Distributed batteries would undoubtedly support continuing rooftop PV uptake and effectively shift rooftop solar generation from midday, when it is increasingly flooding grids, to meet evening peak demand. It would also facilitate ongoing rooftop PV uptake for homeowners, addressing equity issues.

“A national [residential battery] scheme is now needed to maximise the benefits of orchestrated home batteries for consumers and this has to be designed to deliver the highest quality products and meet strong safety standards,” said the CEC’s director of distributed energy, Con Hristodoulidis, in a statement.

The CEC is proposing an incentive of up to $6500 for each household to install a residential battery alongside rooftop solar.

The clean energy organisation pointed to modelling from consultancy Oakley Greenwood that households with a battery could save $900 annually on power bills under such a program. When batteries are “orchestrated” into a virtual power plant, or similar, those savings could increase to $1150 a year.

On an electricity system level, net savings of $190 million would be delivered by orchestrated residential batteries – the CEC-sponsored study concluded.

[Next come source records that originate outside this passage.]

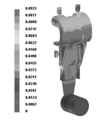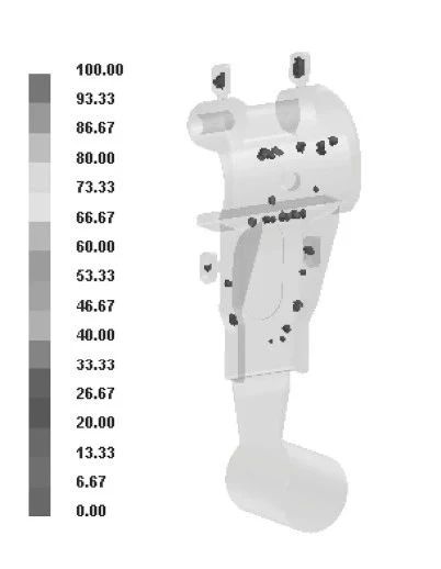 圖7 壓塊縮松分布 根據(jù)壓塊壓鑄件的結(jié)構(gòu)及模擬分析結(jié)果,設計出壓塊壓鑄件的半固態(tài)壓鑄模具,見圖8。半固態(tài)壓鑄模具在結(jié)構(gòu)上與一般的壓鑄模具相同,在生產(chǎn)前要對模具充分預熱,由于半固態(tài)的溫度較低,凝固時間短,因此模具在預熱時要比液態(tài)壓鑄高,一般在280~300℃,需在動、定模套板上設計加熱元件和測溫孔,安裝熱電偶測溫,以便控制模具溫度,同時要求模具各個部位溫度均勻穩(wěn)定。
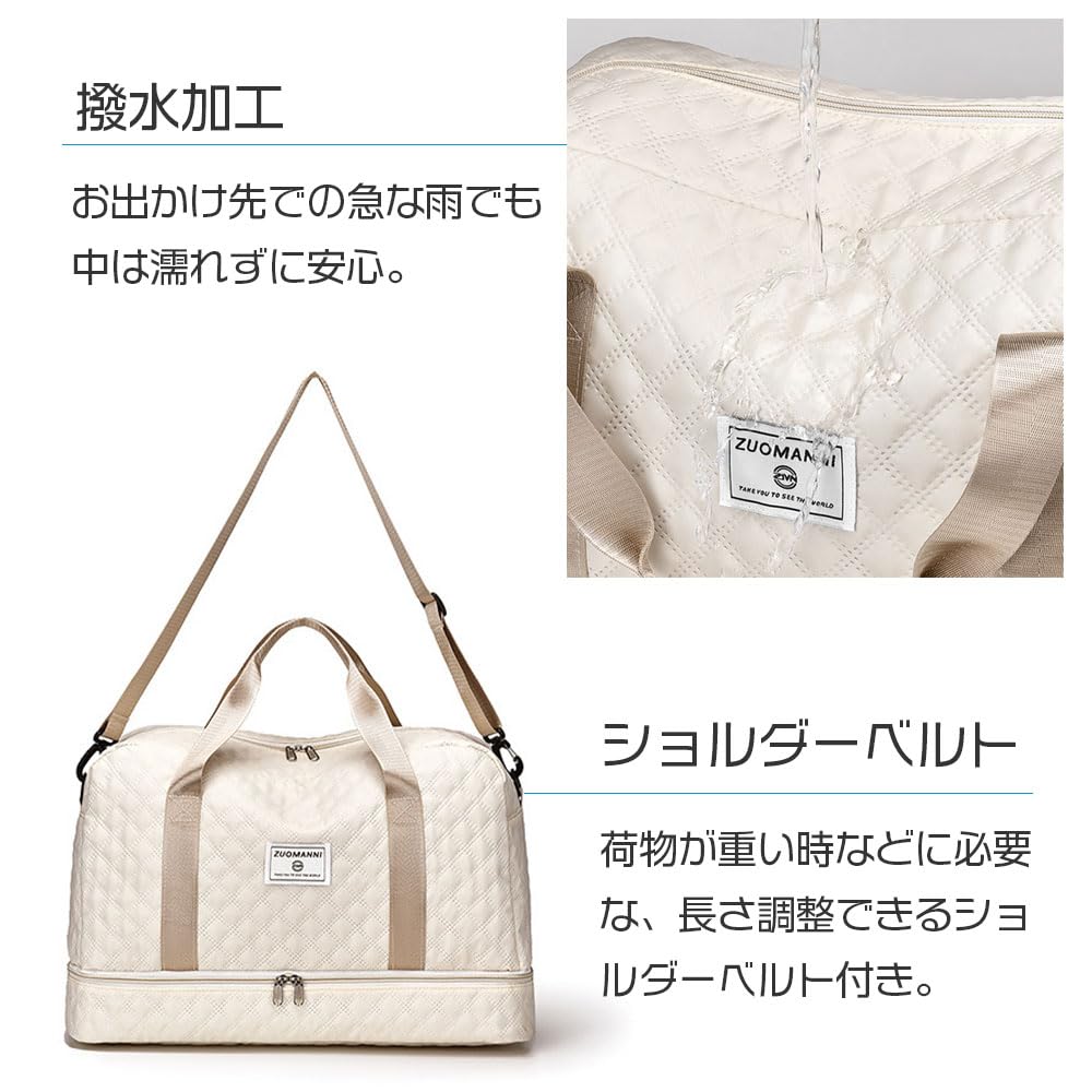 【撥水加工の大容量トートバッグ】納得の大容量!大きめサイズのボストンバッグです。旅行にはもちろん、荷物が多くなりがちなジムやゴルフ、アウトドアやマザーズバッグとしても重宝します。キャリーケースのハンドルに通せるので、キャリーオンバッグとしてもOK。落ちる心配もなく、移動の際の負担を減らせるので旅行用サブバッグとしては最適です。また、ジムやゴルフ用シューズなどを分けて収納できる分離型収納スペースがバッグの底にあり、汚れたものなどを同じスペースに収納したくない方には嬉しい機能付き。メイン収納の内ポケットは防水仕様になっており、濡れたバスセットなどをそのまま気兼ねなくしまえるようになっています。
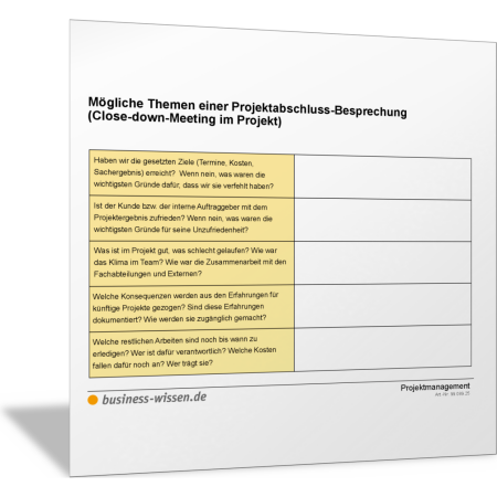 Themen einer Projektabschluss-Besprechung (Close-down-Meeting im Projekt)

The CEC has previously published modelling showing that, as far back as 2021, solar and energy storage was already cheaper than gas peaker plans in meeting peak electricity demand periods.

Orchestrated residential batteries have the added advantage of being able to trade electricity with the grid at optimal times, increasing consumer savings and supporting the broader energy system,” the CEC argued.

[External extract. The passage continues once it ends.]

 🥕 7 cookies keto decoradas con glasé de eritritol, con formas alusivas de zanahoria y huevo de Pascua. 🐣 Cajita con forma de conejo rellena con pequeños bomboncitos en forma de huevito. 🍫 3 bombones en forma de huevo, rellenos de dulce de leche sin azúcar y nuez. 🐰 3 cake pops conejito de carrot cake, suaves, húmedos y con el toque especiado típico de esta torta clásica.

The CEC is far from being alone in its calls to bolster residential battery deployment. Tristan Edis, the director of analysis and advisory at Green Energy Markets has been calling for the SRES program to be reformed to support household battery uptake. With rooftop solar already affordable, STCs would be better directed at much-needed batteries, so the argument goes.

“If you want a politically popular program that is going to achieve meaningful scale and rollout and will have enough political support you have to go households,” Edis told pv magazine Australia. “The households are paying through the nose for their batteries,” he added.

With battery cell prices coming down, Edis said that residential battery price declines are likely coming. With scale, battery installations could rapidly increase – as has been see in countries like Germany and Italy.

According to the researchers at the HTW Berlin University of Applied Sciences, 79% of household solar systems were installed alongside a battery in 2023. This amounted to some 4.6 GWh of capacity.

With a residential solar-plus-storage system installed, households were able to reach 70% self-sufficiency, the HTW researchers found. The average rooftop system was 8.4 kWp, alongside a 7.3kWh battery in Germany in 2023.

There are some state-based programs currently in operation. On Feb. 12, the Queensland government opened its residential battery rebate program. The Victorian government is also providing interest-free loans for home batteries.